Unrealized Gains and Operating Results Lift Berkshire

We expect to raise our fair value estimate following a stronger conclusion to the company's fiscal year than we had been projecting.

Securities In This Article
Berkshire Hathaway Inc Class A
(BRK.A)
Berkshire Hathaway Inc Class B
(BRK.B)

We expect to raise our fair value estimate for wide-moat-rated Berkshire Hathaway BRK.B (in the neighborhood of 5%-10%) following a stronger conclusion to the company's fiscal year than we had been projecting. Fourth-quarter (full-year) revenue, which includes unrealized and realized gains/losses from Berkshire's investments and derivatives portfolios, increased 7.3% (declined 12.5%) year over year to $103.7 billion ($286.3 billion). Excluding the impact of investment and derivative gains/losses and other adjustments, fourth-quarter (full-year) operating revenue declined 1.3% (3.4%) to $64.4 billion ($245.4 billion). Operating earnings, exclusive of the impact of investment and derivative gains/losses but including goodwill and intangible asset impairments (including $9.8 billion attributable to Berkshire's 2016 acquisition of Precision Castparts), increased 13.6% (declined 8.6%) year over year to $5.0 billion ($21.9 billion) during the December quarter (full year).

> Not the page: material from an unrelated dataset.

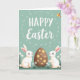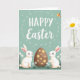 This card features a soft teal background with a festive message in white lettering placed near the top, framed by scattered white dots and small starburst shapes 🌷. Below, two fluffy white rabbits with long ears, pink inner ears, and rosy cheeks sit on either side of a large brown egg, leaning slightly inward as if sharing a quiet, friendly moment 🐰. Their eyes angle toward the center, creating a gentle sense of togetherness without needing extra decoration. The egg is decorated with bright yellow flower shapes that stand out warmly against the brown surface. Along the bottom edge, a strip of green grass spreads across the scene, dotted with small white-and-yellow daisy-like blooms. In the upper right, a small bird with yellow and orange feathers hovers as a lively accent against the calm background. Tiny white dots and starbursts continue to sparkle around the top text, while the rabbits and egg sit grounded in the meadow below.
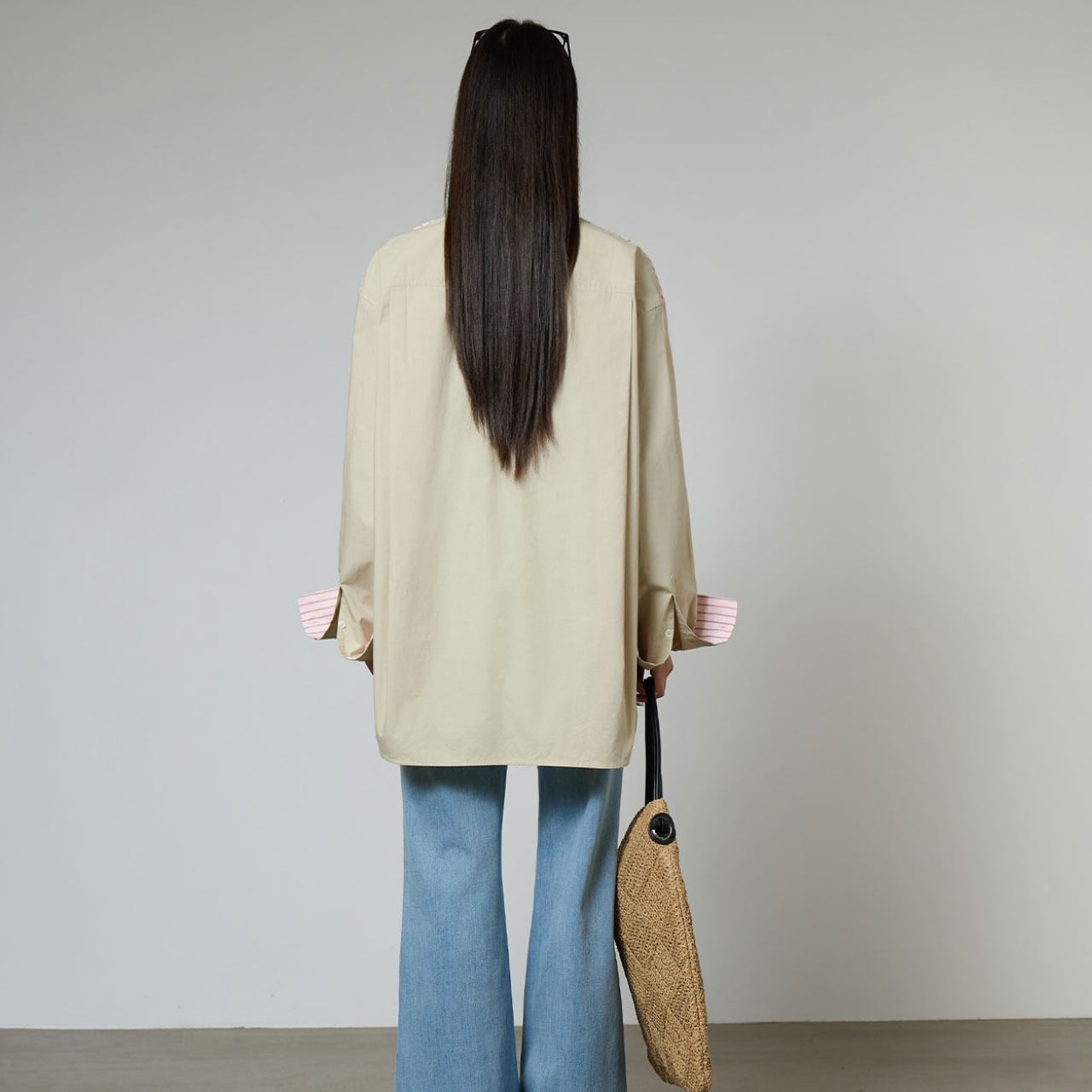 オーバーサイズのゆったりシルエットは、開けて羽織りとして使っても、ボタンを閉めて単品使いも◎

When including the impact of the investment and derivative gains/losses, net earnings increased 23.8% (fell 47.6%) to $35.8 billion ($42.5 billion).

Berkshire closed out the December quarter with $138.3 billion in cash, down from a record $146.6 billion at the end of June 2020, with Berkshire (by our estimates) having around $120 billion in dry powder that could be committed to investments, acquisitions, and share repurchases in the first quarter of 2021. The firm repurchased $8.8 billion worth of its common stock during the fourth quarter, bringing full-year share repurchases up to $24.7 billion (which eliminated around 5% of the company's shares outstanding last year). While we expect Berkshire to continue to buy back shares, we're not sure that the firm will be buying back $9 billion a quarter (as it did during the back half of 2020) but with cash continuing to build up on the balance sheet, share repurchases may end up being the company's best capital allocation outlet.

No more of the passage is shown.